◆ **What is being asked**
In the records that follow, find the line with "Two friends seats on Trolltunga in Norway"; from there, retype every line exactly through the line with "Casal di Peppe", which also belongs to the answer.

(Recorded data)
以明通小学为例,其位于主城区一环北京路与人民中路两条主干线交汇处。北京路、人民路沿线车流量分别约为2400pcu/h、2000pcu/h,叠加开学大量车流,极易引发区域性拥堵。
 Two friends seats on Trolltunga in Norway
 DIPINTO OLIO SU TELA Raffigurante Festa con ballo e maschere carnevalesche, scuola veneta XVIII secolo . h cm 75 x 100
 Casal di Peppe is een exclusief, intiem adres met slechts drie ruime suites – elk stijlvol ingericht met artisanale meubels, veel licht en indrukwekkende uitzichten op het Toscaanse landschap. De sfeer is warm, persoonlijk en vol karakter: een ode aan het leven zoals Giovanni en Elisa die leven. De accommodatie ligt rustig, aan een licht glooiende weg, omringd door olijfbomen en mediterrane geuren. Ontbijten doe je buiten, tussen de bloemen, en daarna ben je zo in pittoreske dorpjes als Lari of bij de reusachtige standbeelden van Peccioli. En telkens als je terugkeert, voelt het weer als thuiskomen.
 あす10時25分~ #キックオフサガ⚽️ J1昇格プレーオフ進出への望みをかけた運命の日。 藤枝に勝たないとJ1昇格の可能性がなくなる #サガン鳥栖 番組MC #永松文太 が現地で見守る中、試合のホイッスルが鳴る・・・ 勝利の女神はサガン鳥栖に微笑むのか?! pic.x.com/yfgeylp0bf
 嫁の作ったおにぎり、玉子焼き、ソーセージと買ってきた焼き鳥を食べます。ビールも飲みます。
---
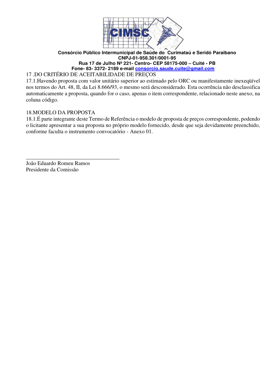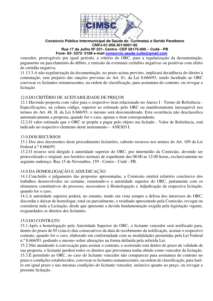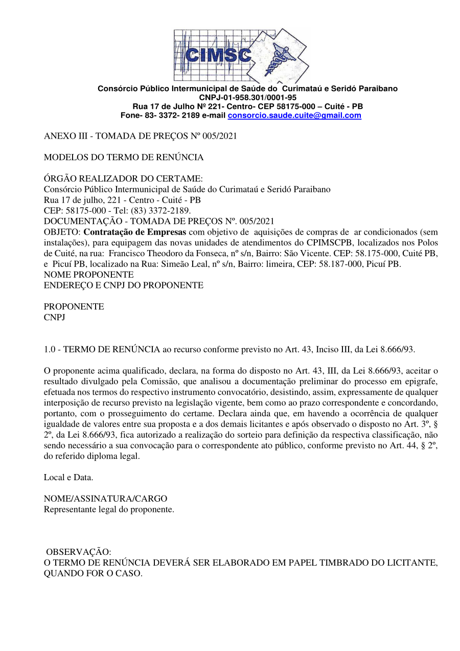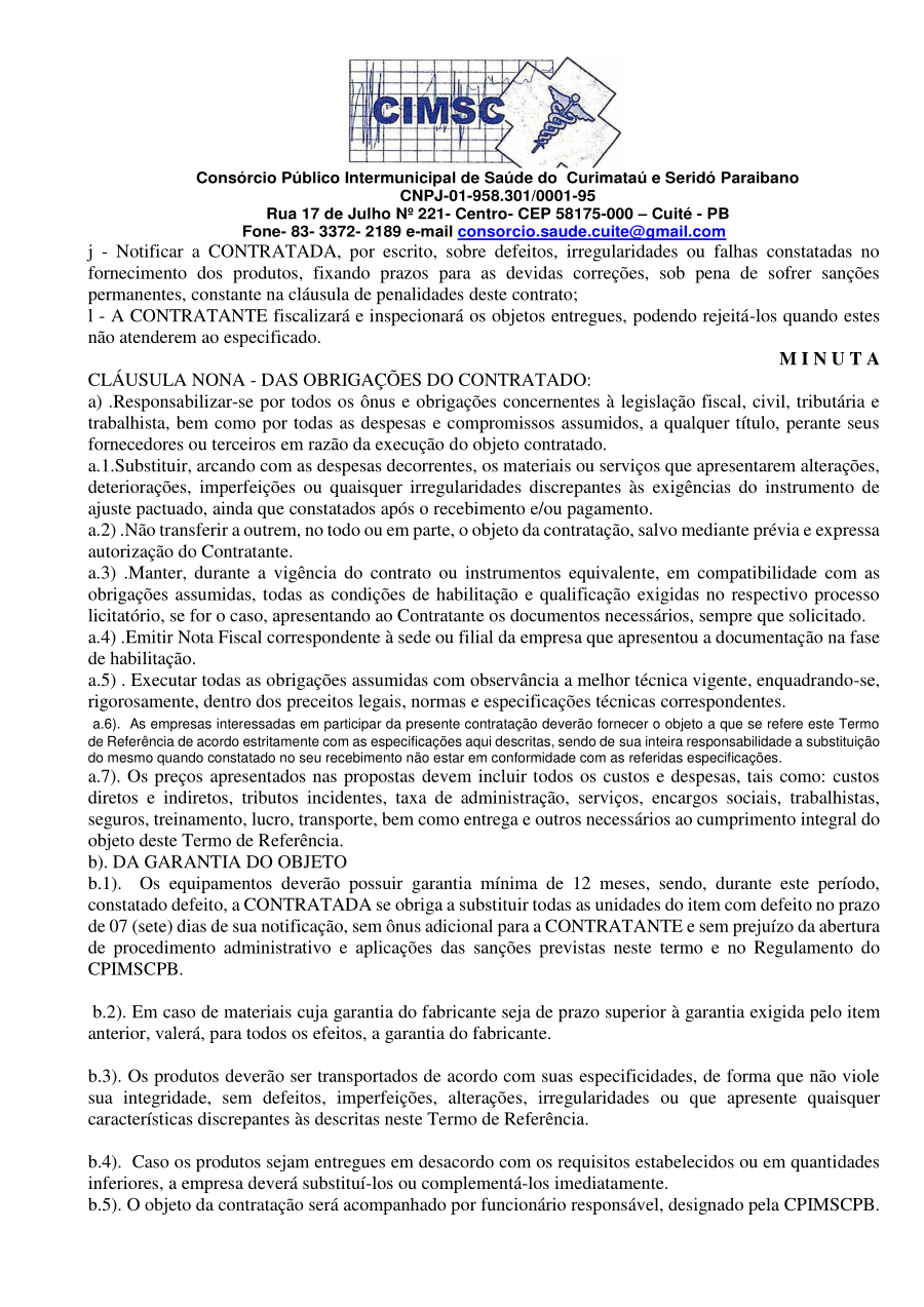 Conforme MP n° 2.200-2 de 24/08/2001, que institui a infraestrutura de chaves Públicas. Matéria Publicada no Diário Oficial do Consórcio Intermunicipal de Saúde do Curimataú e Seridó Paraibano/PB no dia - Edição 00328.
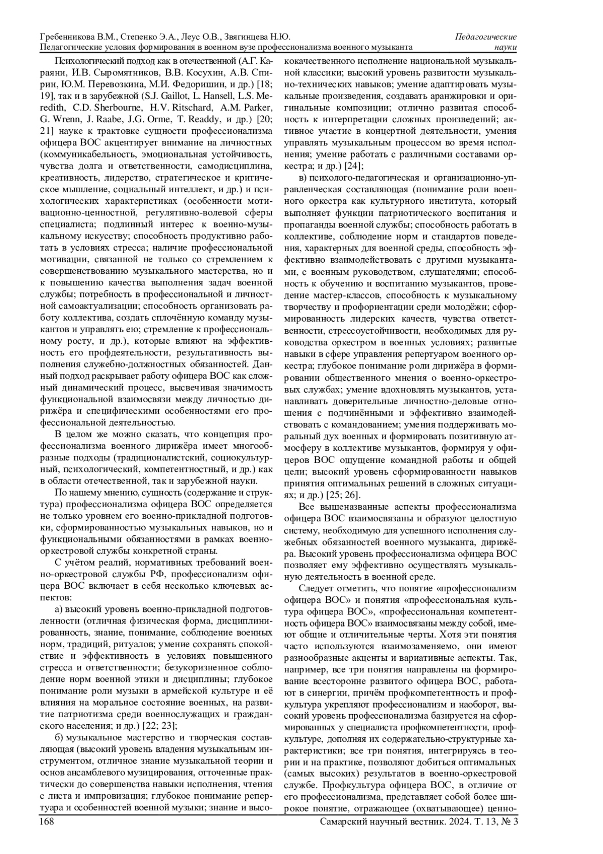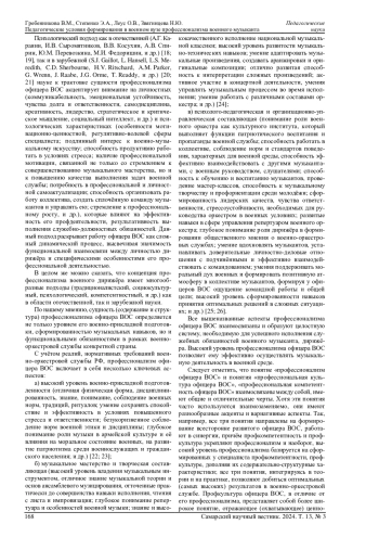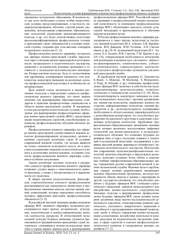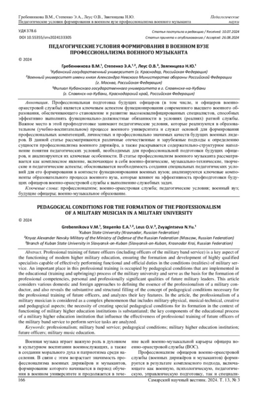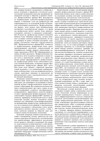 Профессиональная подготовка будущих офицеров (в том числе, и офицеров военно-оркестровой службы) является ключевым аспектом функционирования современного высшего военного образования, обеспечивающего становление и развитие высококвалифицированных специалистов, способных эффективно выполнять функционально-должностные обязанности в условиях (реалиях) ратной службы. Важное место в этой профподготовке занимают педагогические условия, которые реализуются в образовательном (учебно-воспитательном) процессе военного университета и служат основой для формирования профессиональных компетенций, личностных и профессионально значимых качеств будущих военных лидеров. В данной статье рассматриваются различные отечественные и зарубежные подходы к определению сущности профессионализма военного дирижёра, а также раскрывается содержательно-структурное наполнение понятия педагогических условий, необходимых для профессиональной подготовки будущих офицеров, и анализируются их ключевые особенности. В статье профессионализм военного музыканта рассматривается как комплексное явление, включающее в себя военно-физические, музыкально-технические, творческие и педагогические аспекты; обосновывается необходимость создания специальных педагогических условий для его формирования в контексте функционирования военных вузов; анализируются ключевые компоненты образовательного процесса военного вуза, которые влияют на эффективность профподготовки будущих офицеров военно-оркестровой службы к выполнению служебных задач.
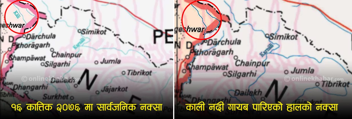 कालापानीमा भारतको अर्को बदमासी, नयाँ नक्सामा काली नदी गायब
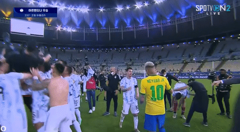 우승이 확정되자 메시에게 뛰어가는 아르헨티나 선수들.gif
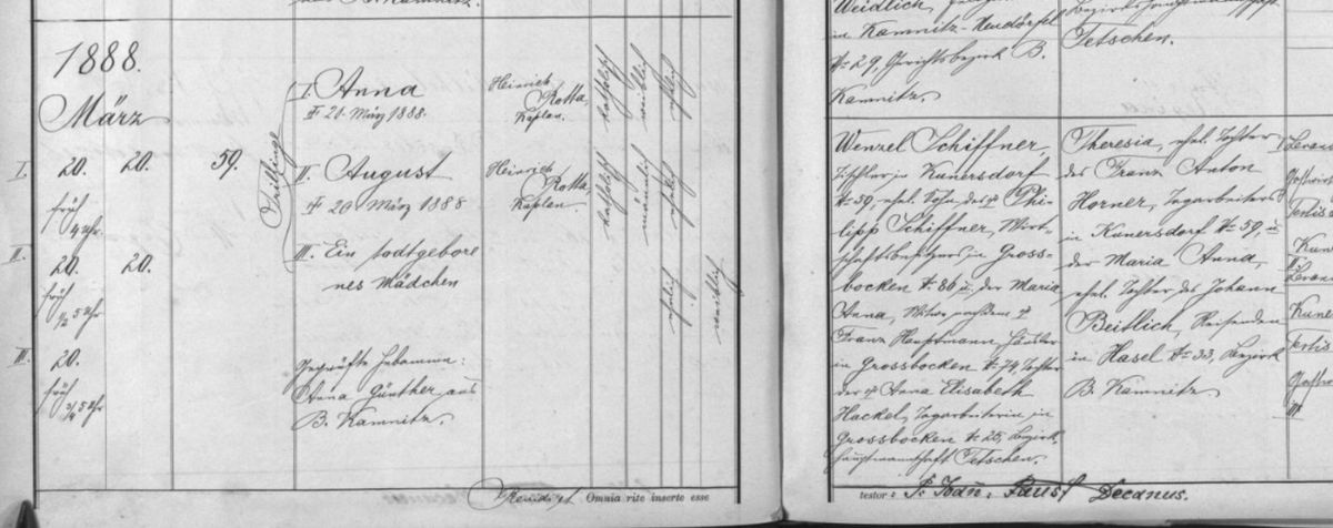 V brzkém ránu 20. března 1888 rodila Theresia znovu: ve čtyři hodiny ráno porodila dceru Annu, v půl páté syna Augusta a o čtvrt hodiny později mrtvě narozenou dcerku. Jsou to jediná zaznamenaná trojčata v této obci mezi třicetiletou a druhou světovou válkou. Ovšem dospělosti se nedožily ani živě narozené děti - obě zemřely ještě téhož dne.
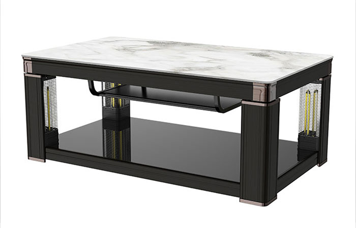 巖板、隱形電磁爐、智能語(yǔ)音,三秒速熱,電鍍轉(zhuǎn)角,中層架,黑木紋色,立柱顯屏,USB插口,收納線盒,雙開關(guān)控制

◆ **Output**
 Two friends seats on Trolltunga in Norway
 DIPINTO OLIO SU TELA Raffigurante Festa con ballo e maschere carnevalesche, scuola veneta XVIII secolo . h cm 75 x 100
 Casal di Peppe is een exclusief, intiem adres met slechts drie ruime suites – elk stijlvol ingericht met artisanale meubels, veel licht en indrukwekkende uitzichten op het Toscaanse landschap. De sfeer is warm, persoonlijk en vol karakter: een ode aan het leven zoals Giovanni en Elisa die leven. De accommodatie ligt rustig, aan een licht glooiende weg, omringd door olijfbomen en mediterrane geuren. Ontbijten doe je buiten, tussen de bloemen, en daarna ben je zo in pittoreske dorpjes als Lari of bij de reusachtige standbeelden van Peccioli. En telkens als je terugkeert, voelt het weer als thuiskomen.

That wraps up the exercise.